Vox Hinglish RNN: Conversational Phonetic Transliteration Model
This repository contains a production-ready, ultra-lightweight Seq2Seq RNN (BiLSTM + Attention) model designed for Vox to dynamically transliterate Hindi (Devanagari) conversational transcripts into SMS-style, natural casual Hinglish (Latin).

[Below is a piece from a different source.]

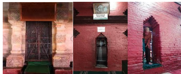
Gambar 5. Pintu utama di tengah dan 4 buah pintu dikanan dan 4 buah pintu di kiri

Letak pintu masuk lainnya adalah 4 pintu di sebelah utara dan 4 pintu di sebelah selatan. Pintu yang terletak di sebelah timur, baik yang di sebelah utara maupun yang di sebelah selatan berukuran tinggi 168 cm, dengan lebar 68 cm. Setiap orang yang akan masuk masjid harus dengan tubuh membungkuk (Hernawan,Wawan,2021). (lihat gambar 5).

The model is exported to ONNX Runtime for high-efficiency, sub-3ms inference on standard CPUs, making it ideal for real-time edge integration.
📂 Repository Structure
The repository follows a clean, segregated, industry-grade layout:
.
├── corpus/
│ ├── cleaned_dataset/ # Tokenized Aksharantar split mapped Arrow files
│ └── unique_word_pairs.json # Curated 1,129 texting spelling corrections lexicon
├── models/
│ ├── encoder.onnx # ONNX graph of Bidirectional LSTM Encoder
│ ├── decoder.onnx # ONNX graph of Attention Decoder
│ ├── encoder.pt # PyTorch state dictionary weights of Encoder
│ ├── decoder.pt # PyTorch state dictionary weights of Decoder
│ ├── input_vocab.json # Source Devanagari character index map
│ └── target_vocab.json # Target Latin character index map
├── scripts/
│ ├── prepare_dataset.py # Dataset cleansing, direct override & oversampling
│ ├── train_rnn.py # Seq2Seq training loop and PyTorch-to-ONNX exporter
│ └── merge_vocabs.py # Script utilized to merge vocabularies
└── testing/
├── eval_transcript.json # Reference spoken-language audio transcripts
├── test_inference_onnx.py # Latency benchmark and phrase transliteration test
└── test_transcripts.py # Standard batch evaluation script over transcript JSON
⚡ Quick Start & Testing
Both testing scripts use dynamic, self-contained relative paths. You can execute them immediately out-of-the-box after cloning:
1. Benchmark Phrase Inference
To benchmark CPU latencies and inspect standard conversational sentence transliterations:
python testing/test_inference_onnx.py
2. Batch Transcript Evaluation
To evaluate transliteration output quality and character accuracy over full spoken conversational transcripts:
python testing/test_transcripts.py
🧠 Model Architecture & Details
- Encoder: 2-Layer Bidirectional LSTM (Embedding Dim: 128, Hidden Dim: 256).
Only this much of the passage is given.